She also held several sub-ministerial and professional roles, including:

- Chairperson, Committee of Attorneys-General of the Northern States of Nigeria
- Member, Body of Benchers
- Member, Legal Practitioners' Disciplinary Committee
- Chairperson, Committee on the Establishment of the Kaduna State Traffic Law Enforcement Authority (KASTLEA) and the Kaduna State Committee on the Proliferation of Small Arms and Light Weapons (Disarmament Committee)

Following her tenure in the Ministry of Justice, she was appointed Commissioner for Environment and Natural Resources in Kaduna State.

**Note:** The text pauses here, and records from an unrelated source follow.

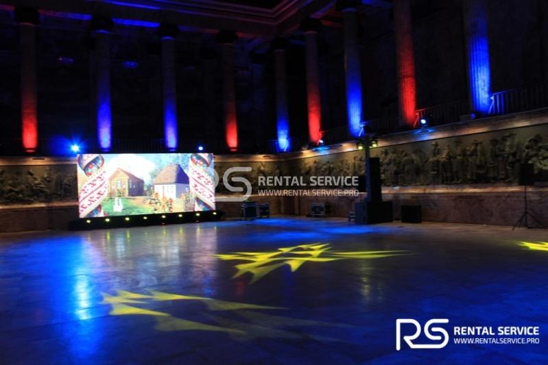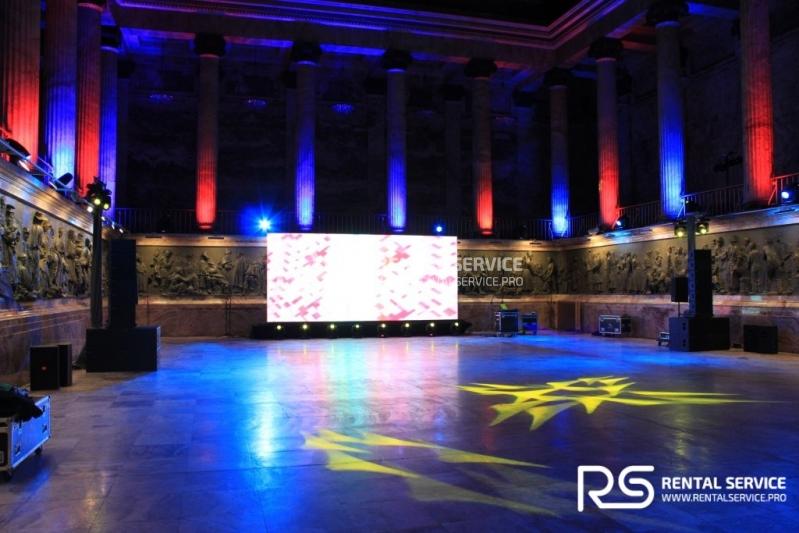Техническое оснащение мероприятия, музей "Этнографии". 8 приборов Robe 1200 Spot, 8 приборов Robe 1200 Wash, 12 приборов Sharpy Beam 230, 24 светодиодных панели LedBar 0,5 м, линейный массив TWAudio 23 кВт, мониторы ElectroVoice ELX115P, светодиодный экран indoor/outdoor на ногах 7x3 c шагом P6, europodium Guil 8x1 м под экран. Работа выполнена под ключ командой Rental Service.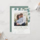 Carte d'annonce de mariage à l'aquarelle élégante avec feuillage d'eucalyptus, recto-verso. Avec des feuilles de feuillage d'eucalyptus à l'aquarelle. Ce modèle de conception présente une mise en page avec une photo.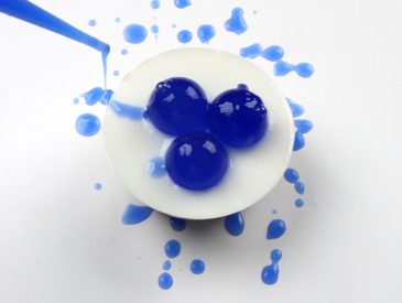 FIVE: Unmold by pressing the bottom of each cavity. Reheat the remaining blue soap on 5 second bursts. Spritz the top of the soap with alcohol and drizzle the blue soap on using a dropper. Then, spritz with alcohol again to pop any bubbles. There is no right or wrong way to do this, so have fun! Let the top harden for about 30 minutes and then enjoy! To avoid glycerin dew, wrap them immediately in plastic wrap, set them under a running fan or utilize another airtight packaging option.

Princess Amina is also active in charitable work. She serves as the coordinator of the Abraham Seeds Foundation, a non-governmental organisation established to provide care for homeless and abandoned children in the Federal Capital Territory. The foundation's mission is to restore hope and purpose in the lives of vulnerable children and prepare them for independent living as equal citizens of Nigeria.

In addition to her public service, she has extensive private sector experience, having held various management positions in organisations such as Abuja Investments Company Limited, Northern Numero Resources Ltd, Advocaat Law Practice, Aurelia Mining Ltd—a UK-based gold exploration company that owns the Babban Tsauni Gold Project in Abuja—and Business Development and Investments Ltd (BDI Ltd), a consultancy responsible for developing a state-wide strategy for solid minerals sector development in Kaduna State.

== Personal life ==
Princess Amina Sijuwade married Prince Adetokunbo Sijuwade, Managing Director of the Sijuwade Group and son of Oba Okunade Sijuwade, in 1996. The couple has two children: Adedunni Sijuwade (born 1998) and Adejuwon Sijuwade (born 2000).